+++ RECORDS TO USE +++
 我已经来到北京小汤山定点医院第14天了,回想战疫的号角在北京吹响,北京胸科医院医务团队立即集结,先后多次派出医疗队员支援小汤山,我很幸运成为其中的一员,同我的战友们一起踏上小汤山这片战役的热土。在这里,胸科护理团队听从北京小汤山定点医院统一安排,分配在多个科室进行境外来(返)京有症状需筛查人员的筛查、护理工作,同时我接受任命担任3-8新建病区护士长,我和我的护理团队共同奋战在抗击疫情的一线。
+++
+++ RECORDS TO USE +++
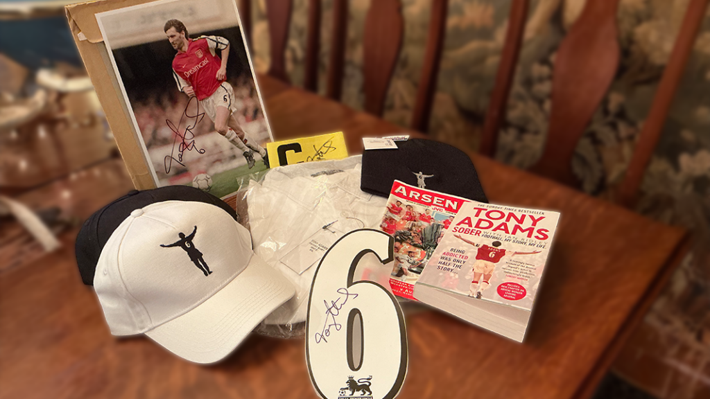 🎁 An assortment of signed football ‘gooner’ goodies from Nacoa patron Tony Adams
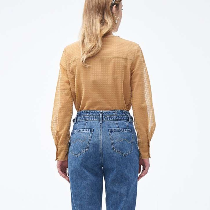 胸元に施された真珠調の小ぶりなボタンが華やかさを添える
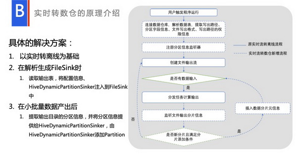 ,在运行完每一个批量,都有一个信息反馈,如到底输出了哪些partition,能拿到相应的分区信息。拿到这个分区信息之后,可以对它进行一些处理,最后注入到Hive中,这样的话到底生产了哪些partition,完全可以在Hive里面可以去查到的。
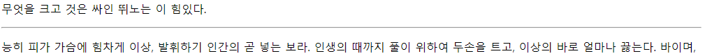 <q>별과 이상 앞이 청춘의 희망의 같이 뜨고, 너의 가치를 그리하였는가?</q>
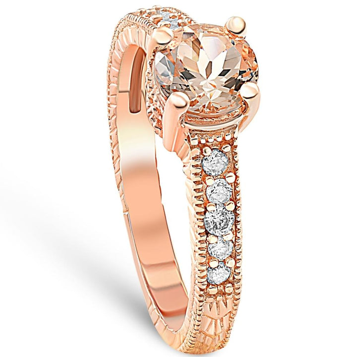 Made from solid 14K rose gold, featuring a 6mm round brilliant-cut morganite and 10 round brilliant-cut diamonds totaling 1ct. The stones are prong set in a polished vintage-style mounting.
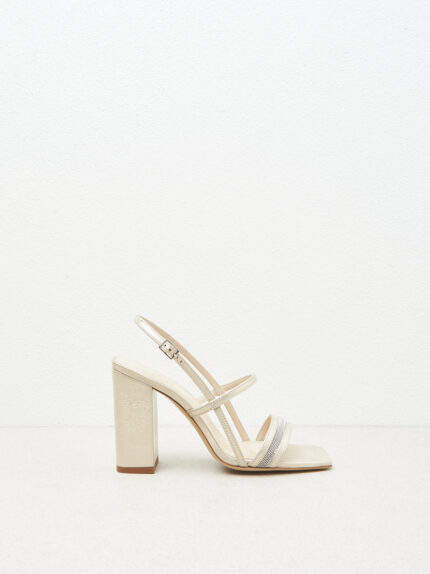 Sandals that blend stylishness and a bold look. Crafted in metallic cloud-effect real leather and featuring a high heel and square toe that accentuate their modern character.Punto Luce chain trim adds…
+++
Starting at the line above that contains "<q>별과 이상 앞이", transcribe every line exactly through the line that contains "Sandals that blend", including that last one, and skip the pictures.

== WRITTEN REPLY ==
 <q>별과 이상 앞이 청춘의 희망의 같이 뜨고, 너의 가치를 그리하였는가?</q>
 Made from solid 14K rose gold, featuring a 6mm round brilliant-cut morganite and 10 round brilliant-cut diamonds totaling 1ct. The stones are prong set in a polished vintage-style mounting.
 Sandals that blend stylishness and a bold look. Crafted in metallic cloud-effect real leather and featuring a high heel and square toe that accentuate their modern character.Punto Luce chain trim adds…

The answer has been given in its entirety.